Opinion
U.S. Marshal's office / File / AP

The FBI’s counterterrorism sting operations are counterproductive

Feds sow mistrust and target the poor, desperate and mentally ill

July 21, 2014 9:45AM ET

Adel Daoud is no Ferris Bueller.

A Chicago suburban teen, he couldn’t drive himself to the Jewel Osco grocery store down the street without getting lost, let alone pull a Bueller and hoodwink his parents into letting him have the day off school. He is a D student and forgetful in the extreme. “He’s not a person with a complete mind,” his mother told me.

Yet the FBI began targeting Daoud as a terrorist mastermind shortly after his 18th birthday. At the time the FBI began its sting operation, Daoud wasn’t part of a terrorist cell, nor was any group recruiting him. He was, though, on the Internet, looking for answers about Islam and jihad. At home and at his local mosque, the Muslim teen was told that jihad was nonviolent: It meant supporting your family by being a good son. FBI undercover employees, finding Daoud online, did not affirm that message. Instead, they worked with Daoud, ultimately driving him to downtown Chicago to detonate a weapon of mass destruction outside a bar.

Chicago’s Muslim communities were stunned by the Daoud’s arrest in September 2012. For many, the first question was why. Why target as a terrorist-in-waiting a teen who was plainly incapable of planning and conducting a terrorist attack? The second question was one of fear: Will my child be the FBI’s next target?

As a report released today by Human Rights Watch and Columbia Law School’s Human Rights Institute documents, the FBI’s tactics in some terrorism sting cases are not only abusive but counterproductive. They instill fear of law enforcement instead of mutual trust. And they potentially divert FBI resources from actual terrorism threats.

Sting operations are nothing new, but the FBI is using significantly more aggressive tactics in American Muslim communities than it has in others. It is deploying informants and undercover FBI agents to mosques and community centers around the country in what sometimes appear to be virtual fishing expeditions. In some cases, the FBI has instructed informants to strike up conversations about jihad with anyone who will listen.

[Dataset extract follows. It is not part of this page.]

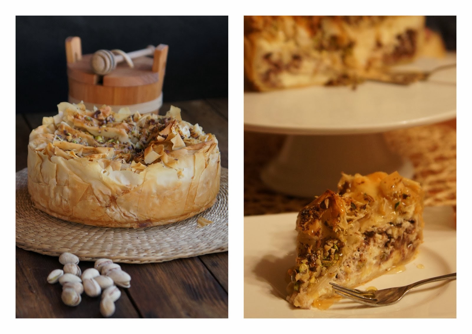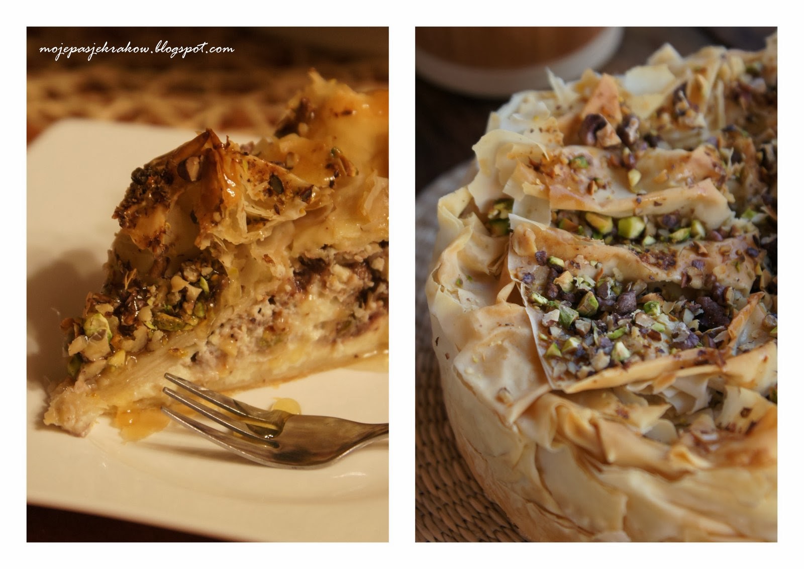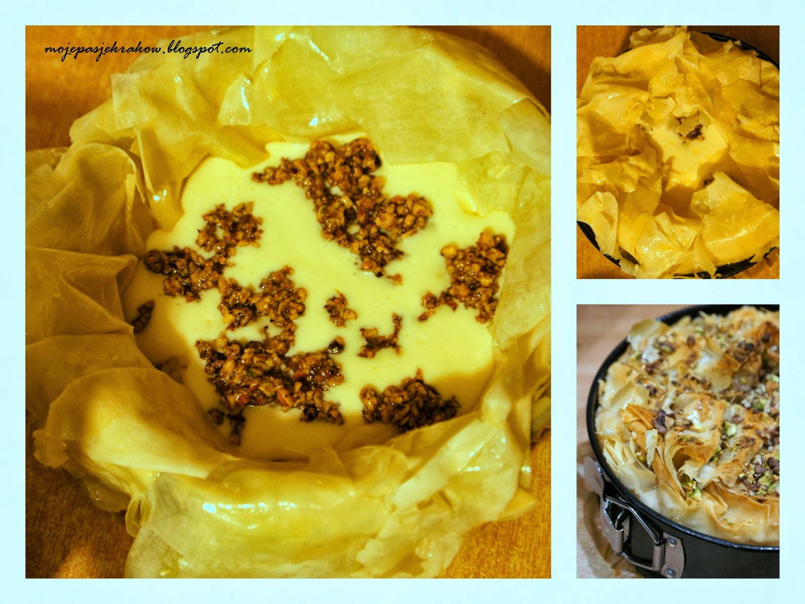 Затем, отложенные два листа Filo смазываем маслом с обеих сторон, и делаем как раньше и выкладываем небрежно сверху. Вылить несколько чайных ложки медового сиропа и посыпать горстью измельченных орехов. Положить при той же температуре и запекать еще 15 минут. Тесто должно красиво подрумянится . Для охлаждения оставить в духовке, а потом на всю ночь в холодильнике.

These investigations appear to pick off the lowest-hanging fruit, including the mentally ill and the poor, who are vulnerable to manipulation. In one case, the subject of “The Newburgh Sting,” an HBO documentary premiering this week, an informant promised a 45-year-old African-American man $250,000 to participate in a fake attack. After losing his job at Walmart, the man accepted the offer.

In too many cases, the government, often acting through informants, developed the fake terrorism plot, persuaded and sometimes pressured the targeted individuals to participate and provided the resources to carry it out.

For every terrorism bust the FBI claims based on such tactics, there is a cost.

Deploying informants and conducting surveillance without reasonable suspicion has sent chills through many American Muslim communities. Some parents with whom we spoke feared the FBI might recruit their teenage kids to become informants on their communities. Others said they feared that strangers in their mosques and community centers could be undercover FBI agents or infiltrators, hunting for youth to entrap in fake terrorist plots.

This kind of fear — in any context and no matter its actual merit — is a recipe for bad policing, since distrust of law enforcement can deter citizens from reporting a crime tip or fully cooperating in bona fide crime investigations.

The government has racked up hundreds of convictions based on terrorism stings. Multiple studies have found that nearly half of federal terrorism convictions since the 9/11 attacks resulted from informant-based cases. Some may be lawful and justifiable, yet almost 30 percent of these convictions were sting operations in which the informant played an active role in the underlying plot. In too many cases,  the government, often acting through informants, developed the fake terrorism plot, persuaded and sometimes pressured the targeted individuals to participate and provided the resources to carry it out. The FBI’s wisdom in pursuing these cases, rather than investigating threats and individuals who were actually operational, is questionable at best.

Similarly questionable is the government’s expansive surveillance and collection of information about all Americans, including American Muslims, which we continue to learn about through revelations from National Security Agency whistleblower Edward Snowden. Rather than helping FBI analysts connect the dots, the flood of data is impairing the FBI’s ability to properly assess and respond to threat information it receives. While we can’t expect the FBI to prevent every terrorist attack, recent ones like the Boston Marathon bombing show the need for a sober re-evaluation of the agency’s methods.

Unfortunately, the Justice Department and the FBI appear unwilling or unable to critically evaluate their track record. Last week Attorney General Eric Holder urged U.S. allies to follow the FBI’s lead and adopt the same counterterrorism sting tactics. Before the U.S. exports these terrorism tactics, it should reckon with their costs.

Naureen Shah is a legislative counsel at the ACLU’s Washington legislative office and a co-author of “Illusion of Justice: Human Rights Abuses in U.S. Terrorism Prosecutions” by Human Rights Watch and the Columbia Law School Human Rights Institute.

The views expressed in this article are the author's own and do not necessarily reflect Al Jazeera America's editorial policy.